You do have the same problem in hardware, which is hardware designers job. The
difference RTLs don't claim to be high level languages. This is an instance
where there's a high level intention and a low level implementation, and the
high level synthesis tool has just ported new language constructs into the
high level language to do low level optimisation, rather than actually doing
the synthesis optimisations that are expected.

------
fortran77
I love Erlang for the ability to deal with _bits_. To see this in a compiled
language would be wonderful. Of course, you can get down to the bit level with
bitwise logical operations, but to be able to express it more naturally would
be a great boon to people writing low-level network stuff, and will probably
reduce programming errors.

------
ndesaulniers
Congrats Erich! One thing I'd be curious about is the ergonomics (or lack of)
of _explicit_ integer promotions and conversions for these types, as I find
the current rules for _implicit_ integer promotions a little confusing and
hard to remember.

For a fun compiler bug in LLVM due to representation of arbitrary width
integers, see: [https://nickdesaulniers.github.io/blog/2020/04/06/off-by-
two...](https://nickdesaulniers.github.io/blog/2020/04/06/off-by-two/)

------
Someone
_”Likewise, if a Binary expression involves operands which are both _ExtInt,
rather than promoting both operands to int the narrower operand will be
promoted to match the size of the wider operand, and the result of the binary
operation is the wider type.“_

I don’t understand that choice. The result should be of the wider type, yes,
but, for example, multiplying a __ExtInt(1)_ by a __ExtInt(1000)_ should take
less hardware than multiplying two _ExtInt(1000)_ s. So, why promote the
narrower one to the wider type?

------
saagarjha
I wonder if this could help standardize some vectorized code as well.

------
ralusek
A lot of people don't know this, but `BigInt`s are supported in modern
JavaScript; integers of arbitrarily large precision.

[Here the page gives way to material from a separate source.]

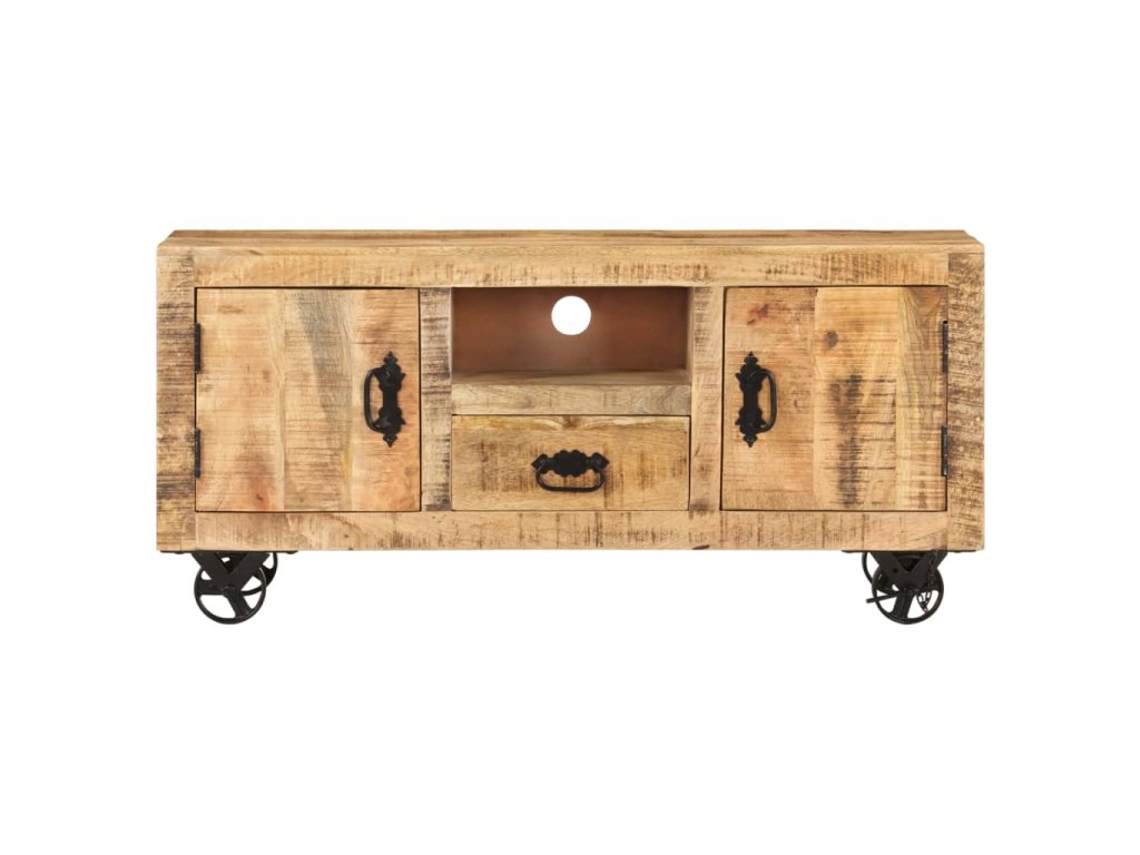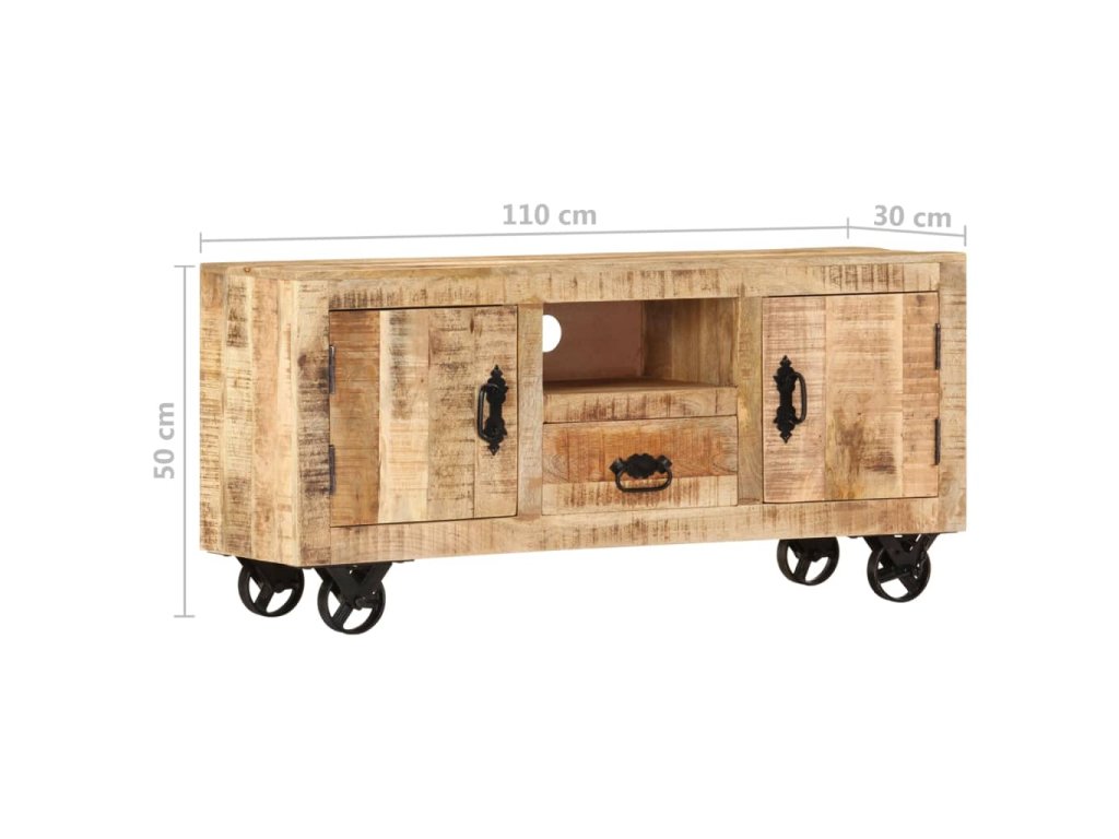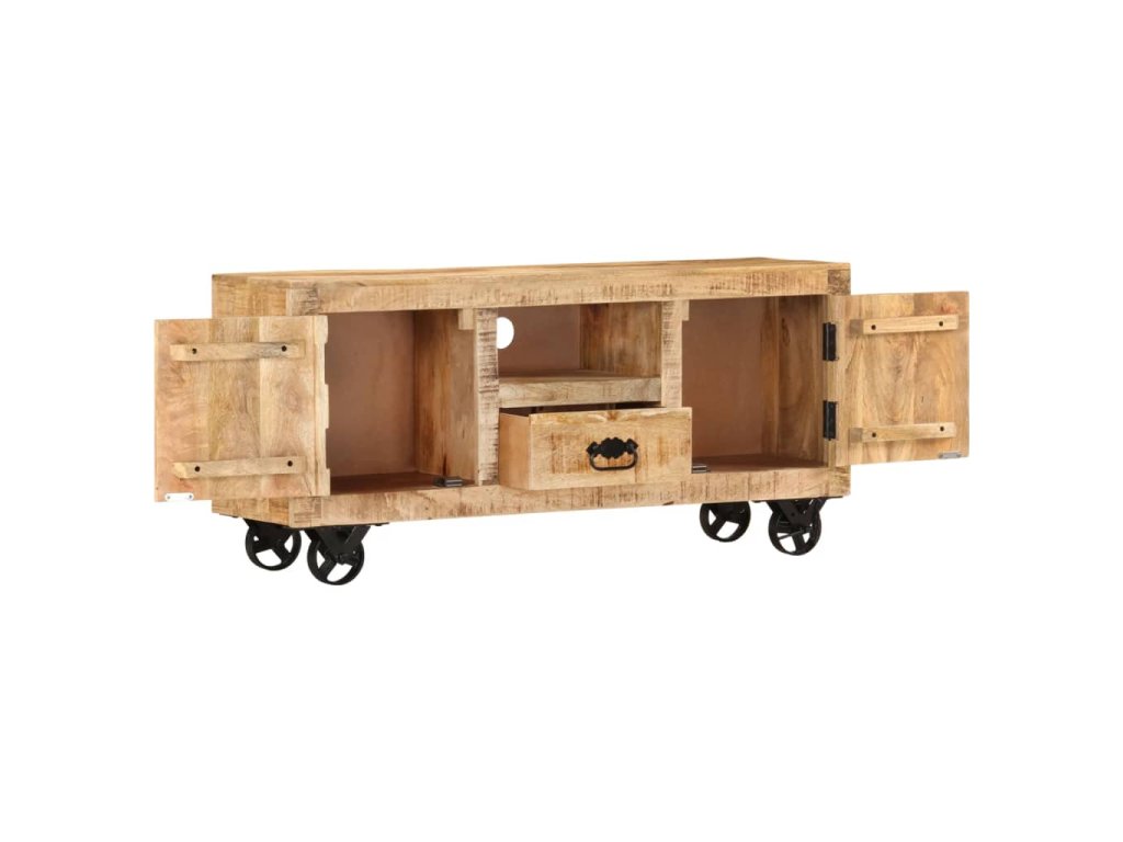 TV stolek je ručně vyroben z hrubého mangovníkového masivu, což mu dodává stabilitu a odolnost. Navíc i dobře vypadá díky způsobu výroby, která umocňuje jeho retro vzhled. Každý krok výroby je prováděn s největší péčí, ať už jde o leštění, nebo lakování. Řemeslné zpracování a krásná struktura dřeva činí každý kus nábytku unikátní a mírně odlišný od všech ostatních. Stolek má navíc 2 skříňky, 1 zásuvku a 1 poličku, které poskytují dostatek místa pro uložení všech předmětů, které chcete vystavit či si je uschovat někde po ruce. Stolek má 4 železná kolečka, která umocňují jeho industriální vzhled a usnadňují jeho přesun.
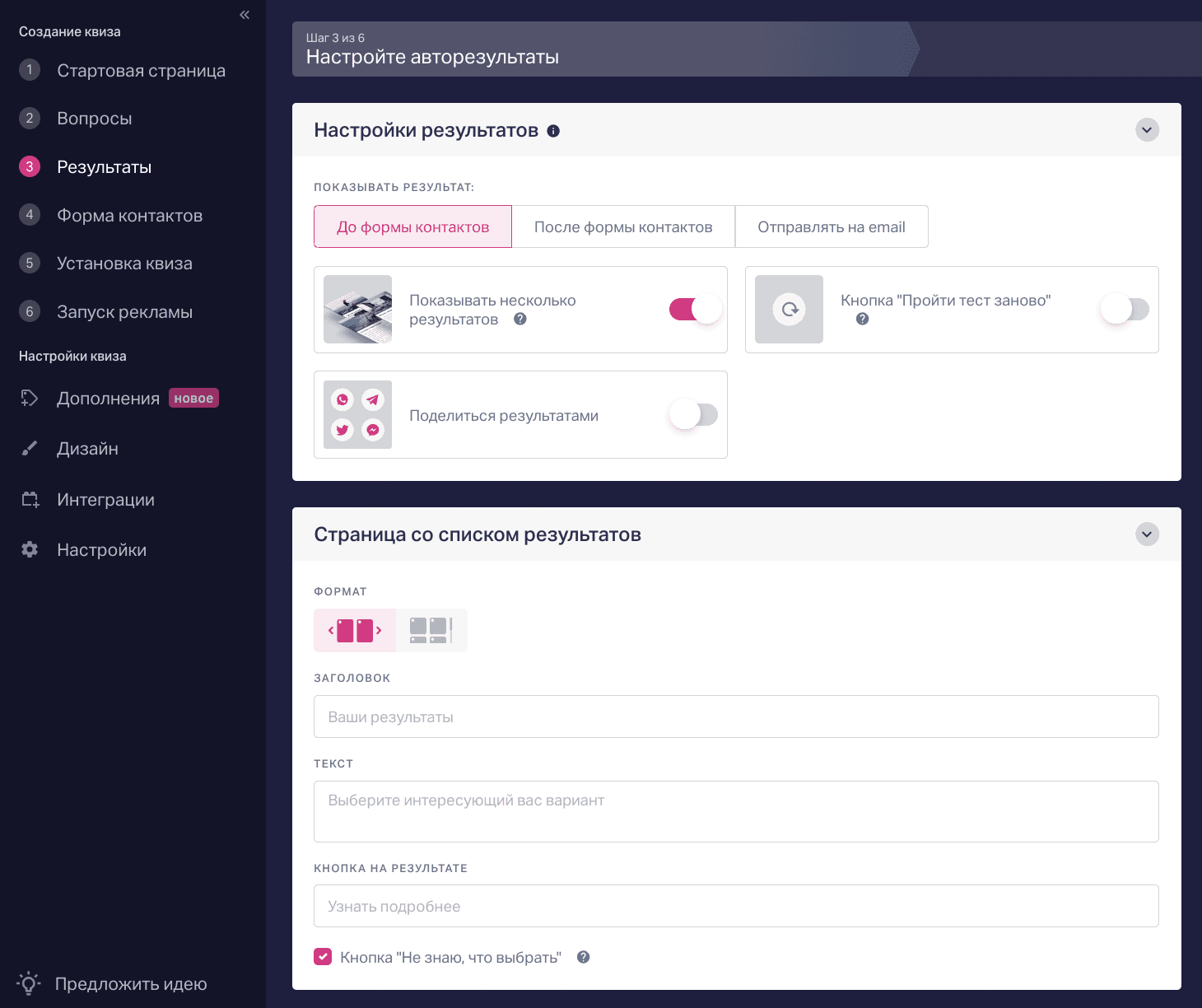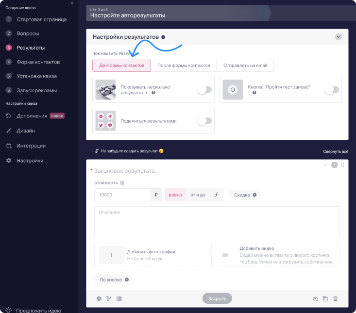 В панели в разделе «Результаты» включаем тумблер «До формы контактов». Откроется пустая карточка первого результата.

Try in your browser console:

    
    
        2n ** 4096n
    
        // output (might have to scroll right)
        1044388881413152506691752710716624382579964249047383780384233483283953907971557456848826811934997558340890106714439262837987573438185793607263236087851365277945956976543709998340361590134383718314428070011855946226376318839397712745672334684344586617496807908705803704071284048740118609114467977783598029006686938976881787785946905630190260940599579453432823469303026696443059025015972399867714215541693835559885291486318237914434496734087811872639496475100189041349008417061675093668333850551032972088269550769983616369411933015213796825837188091833656751221318492846368125550225998300412344784862595674492194617023806505913245610825731835380087608622102834270197698202313169017678006675195485079921636419370285375124784014907159135459982790513399611551794271106831134090584272884279791554849782954323534517065223269061394905987693002122963395687782878948440616007412945674919823050571642377154816321380631045902916136926708342856440730447899971901781465763473223850267253059899795996090799469201774624817718449867455659250178329070473119433165550807568221846571746373296884912819520317457002440926616910874148385078411929804522981857338977648103126085903001302413467189726673216491511131602920781738033436090243804708340403154190336n
    

To use, just add `n` after the number as literal notation, or can cast any
Number x with BigInt(x). BigInts may only do operations with other BigInts, so
make sure to cast any Numbers where applicable.

I know this is about C, I thought I'd just mention it, since many people seem
to be unaware of this.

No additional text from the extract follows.